I have written an implementation of Quicksort in Python. I am new to Python. Any suggestions for improvement or criticism on my use of Python?

def partition(a, lo, hi):
    i, j, v = lo+1, hi, a[lo]
        while(a[i] < v):
            i += 1
            if (i == hi): break    
        while(a[j] > v):
            j -= 1
            if (j == lo): break    
        if (i >= j): break            
        a[i], a[j] = a[j], a[i]    
    a[lo], a[j] = a[j], a[lo]
    return j

def sort(a, lo, hi):
    if (hi <= lo):
    q = partition(a, lo, hi)
    sort(a, lo, q-1)
    sort(a, q+1, hi)
    assert isSorted(a, lo, hi)

def quick_sort(a):
    sort(a, 0, len(a)-1)
    assert isSortedArray(a)

def isSorted(a, lo, hi):
    for i in range(lo, hi):
        if a[i+1] < a[i]:
            return False
    return True

def isSortedArray(a):
    for i in range(0, len(a)-1):
        if a[i+1] < a[i]:
            return False
    return True
  • \$\begingroup\$ Where are isSorted and isSortedArray? \$\endgroup\$ – jonrsharpe Nov 1 '14 at 9:01
  • 1
    \$\begingroup\$ @jonrsharpe I don't think that the implementation of those functions is essential to the question. \$\endgroup\$ – 200_success Nov 1 '14 at 9:19
  • \$\begingroup\$ @jonrsharpe They are just functions which check whether the array is sorted or not and returns a boolean. Just for assertion purpose. \$\endgroup\$ – khateeb Nov 2 '14 at 2:02

When describing quicksort partitioning, your v is typically called the "pivot". The code would be clearer if you named the variable according to that convention.
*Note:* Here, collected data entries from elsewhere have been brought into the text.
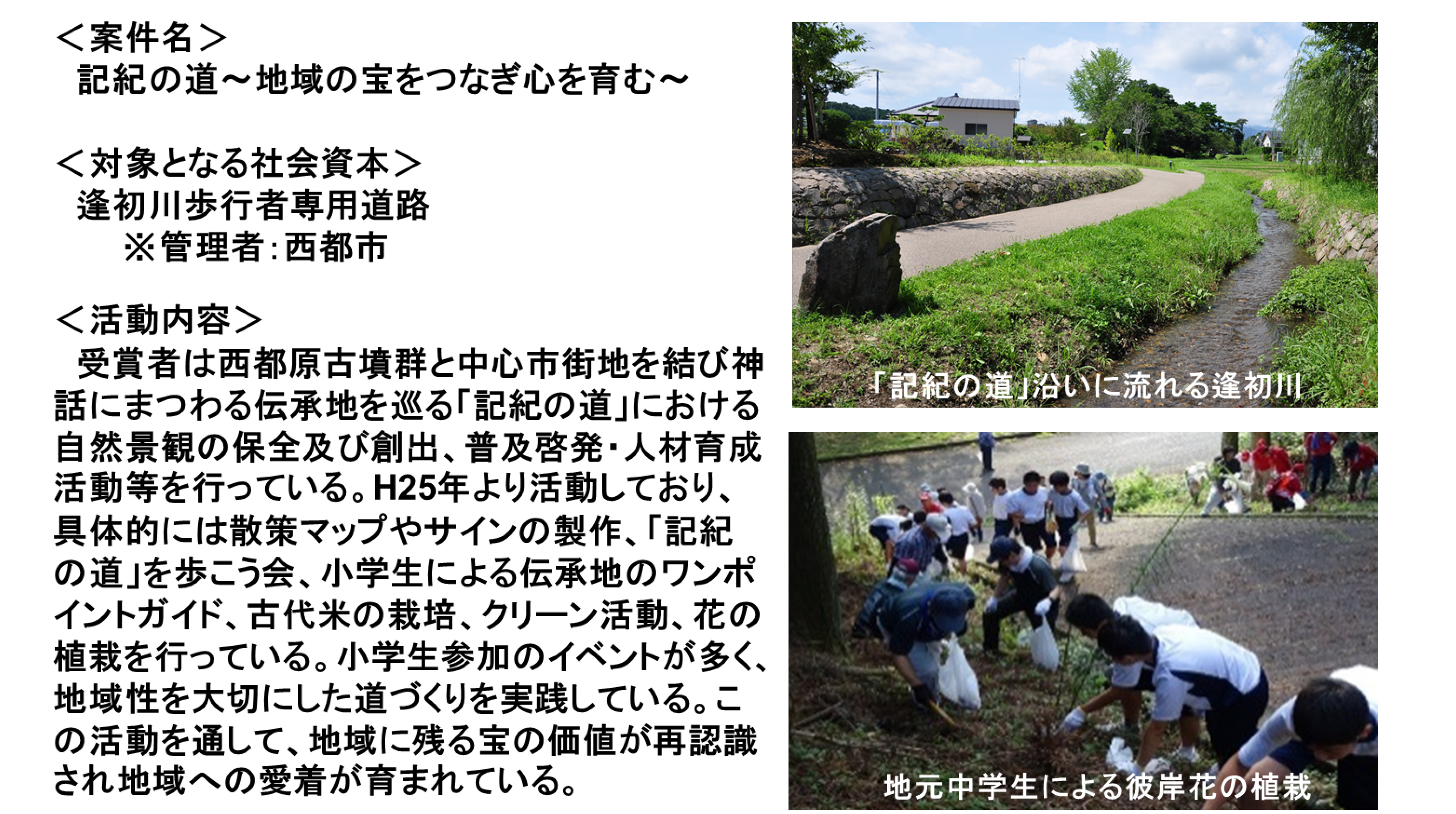 ■受賞者 : 妻北地域づくり協議会、西都市
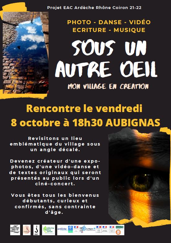 aubignas , FranceLa rencontre sous un autre œil, un projet de l’Éducation Artistique et Culturel d'Ardèche Rhône Coiron Vendredi 8 octobre à Aubignas - 18h30 Revisitons un lieu emblématique du village sous un angle décalé. Devenez créateur d'une expo-photos, d'une vidéo-danse et de textes originaux qui seront présentés au public lors d'un ciné-concert. Vous êtes tous les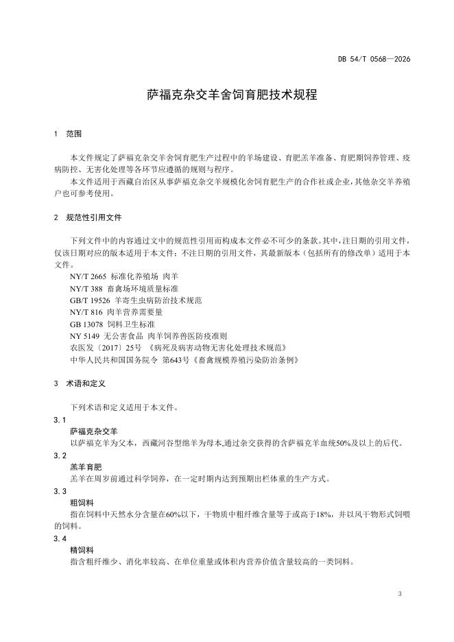 DB54/T 0568-2026 萨福克杂交羊舍饲育肥技术规程

You always choose a[lo] as the pivot. However, that produces pathological performance when the input array is already sorted.

I would prefer to see

while(a[i] < v):
      i += 1
      if (i == hi): break

… written as

while i < hi and a[i] < pivot:
    i += 1

Array index bounds usually work better when specified as inclusive-exclusive ranges, such that sort(a, lo, hi) means "sort a where lo ≤ index < hi". This is a common convention — you can see it in Python's range() and slicings. Also, Java's Arrays.sort(a, fromIndex, toIndex) works with inclusive-exclusive ranges.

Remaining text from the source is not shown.